The new performance game

The new performance game

2022, Jan 13    

Hi there! I hope this year will be a year of learning, discovery and that we can achieve what we aim for!

What better subject to talk about then the problematic, that is often an afterthought, performance of our services or applications. Indeed when we are building an application we are focusing on the features we are delivering and how fast we can send it to production, with more quality and most of the time performance is not considered.

It doesn’t matter if you are using waterfall, some kind of agile or if you are already adopting DevOps, you must think of performance as a characteristic of your application that is embedded, intrinsic to your application. Years ago the end user was more forgiving regarding the performance of applications but nowadays it is not the case anymore, with fierce competition and impatient users, it is mandatory to have performant applications or we will fail.

In the old days performance was an extra effort that not all companies could afford, you needed performance engineers (those experts that come in with an specific knowledge), a production like environment (with all applications, services and data), that they can target with no risk of impacting production but that is close enough to extract proper conclusions.

In those times performance tests took a long time to put together and execute. They were executed after all the other tests were done, that means that they were the last to be executed far down the stream. As we know when we find performance issues fixing them is tricky, first because we do not always know what is the root cause of the performance issue (often we see a deterioration of a response time but we do not know exactly what is causing it), performance engineers not being part of the team makes this harder to find. Once the issue was identified it usually means that some architectural change must be done to correct such flaws, needing a meaningfull investment from the team in time and complexity (followed by the need to revalidate the other tests as we changed the core of the application).

Those were the reasons why we need to address performance earlier, addressing performance is not taking those heavy performance tests that we usually executed before production and executing those sooner.
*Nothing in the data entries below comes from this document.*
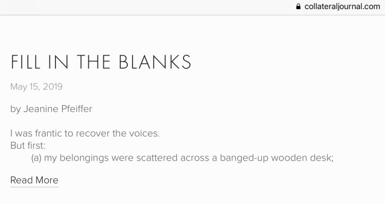 My recent essay “Fill in the Blanks” published this month in Collateral, tells the story of weeks spent as a citizen-translator-horrified traveler in the middle of a war zone.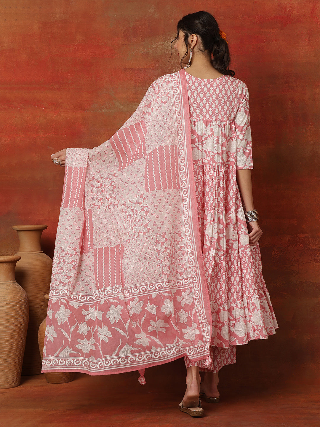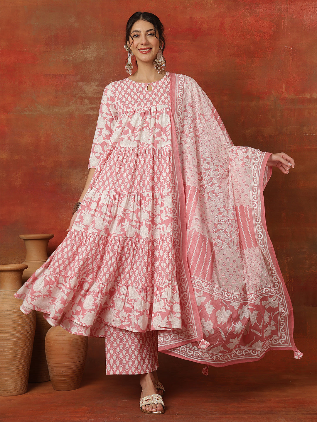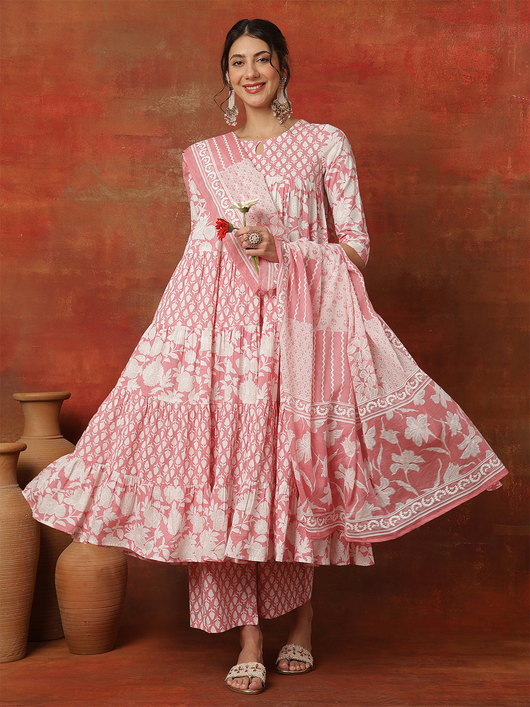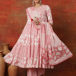 Cotton Ankle Length Printed 3/4 Sleeves Round Neck Full Flared Kurta Bottom With Dupatta (Preorder)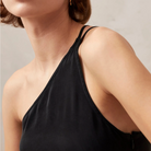 No matter the season, give your shoulder some air time. The Gilda dress is cut from a swooshy black fabric to a stunning one-strap silhouette. It’s cinched at the waist by an optional sash, while it fits loosey everywhere else. Save it for a special occasion or tone it down with something on top - you do you, girl!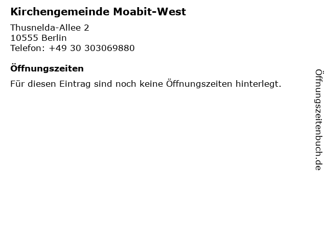 | Öffnungszeiten Kirchengemeinde Moabit-West in Berlin anzeigen | |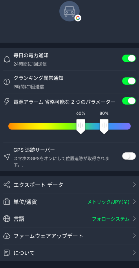 走行記録は使わないのでオフにしています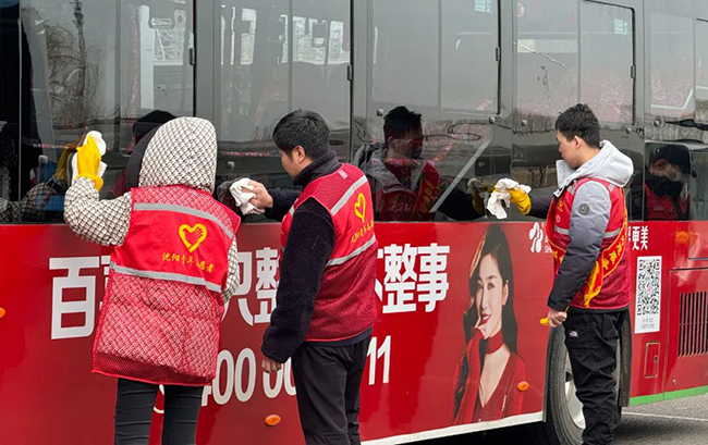 活動(dòng)開始后,團(tuán)員青年及志愿者在簽名板上寫下了自己的名字,以此響應(yīng)號(hào)召成為新時(shí)代雷鋒精神的傳播者、弘揚(yáng)者和踐行者。團(tuán)員青年及志愿者佩戴“我是雷鋒”標(biāo)識(shí)胸牌,并對(duì)沈陽(yáng)南站樞紐站進(jìn)行大清掃活動(dòng),清理車內(nèi)外衛(wèi)生,擦亮沈陽(yáng)窗口,樹立公交新形象。
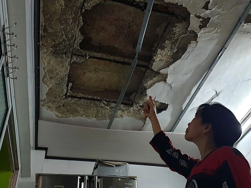 Hầu hết các dãy nhà này vữa tường, trần bê tông đều bong tróc, cầu thang bê tông nứt vỡ trơ sắt, nước thoát nhà vệ sinh ngấm bốc mùi nồng nặc. Những năm gần đây hầu như năm nào cũng có vài vụ sập vữa trần bê tông.

When we talk about pipelines what we need is faster release cycles, so it is inconceivable to have a long performance test running in a pipeline. We need to break these performance efforts into smaller validations, the teams need to think of the application performance as part of each feature, the knowledge and information of how the application are behaving in production must be easy to see and acted upon by the teams, the tools need to adapt and provide ways to execute performance earlier in the process, the teams needed to account for performance since day one and address performance challenges since conception.

When I was part of a test consultancy company the main clients we had in the beginning were clients with applications in production that were not performant enough to support the load they were having and so they wanted professionals that came in and assess the application status and suggest enhancements, of course after having the problematic application in production, this will only add extra burden on the team that needed to solve complex issues very fast…we know what that means.

The game have changed….

DevOps and Observability

DevOps and Observability will bring the performance concerns to the day to day of the teams, in this new reality the teams are concerned on how the application will behave in production and have data to check the impact of the changes they are delivering. With these new concerns the teams need ways to assure the performance of their application in each release of each application or service without impacting the overall times of delivery.

In fact the demand brought by the DevOps movement shifted the way performance was addressed, the tools and teams have answered with new ways to adapt performance tests in their pipelines. We no longer define long tests in the end only to validate performance but instead the concept now focuses on validating the performance of each application/service in each commit of code by comparing the actual performance with a baseline previously taken.

The tests are focused and fast, the teams create a baseline of indicators of what they believe the application must perform in good conditions, and use that baseline to compare to the results of each commit, understanding if the performance is worse, equal or better than previously.

Failure criteria are mandatory to validate such tests, no more relying in humans to interpret complex results and cross check all information to get a result, nowadays the teams with profound knowledge of their applications define failure criterion based on service layer indicators, such as response times or error percentages, and define thresholds of failure, if the error percentage exceeds 0.1% the test will fail, for example.

Tools have evolved and new tools have also emerged targeting this new way of testing, fully integrated in the pipelines, providing fast feedback to the teams about the performance status of their application in each commit, this as also improved the root cause analysis, because the teams now link a performance issue with a commit and focus in what have changed to find the culprit.

Another benefit of this new way of using performance tests is to be able to better anticipate performance issues, not letting the issues slide until it is too late to be act upon.

Performance tools

When we are searching for tools for such tasks we see that we have a lot available, for this example I will focus on the open source kind, that can be coded and integrated into a pipeline.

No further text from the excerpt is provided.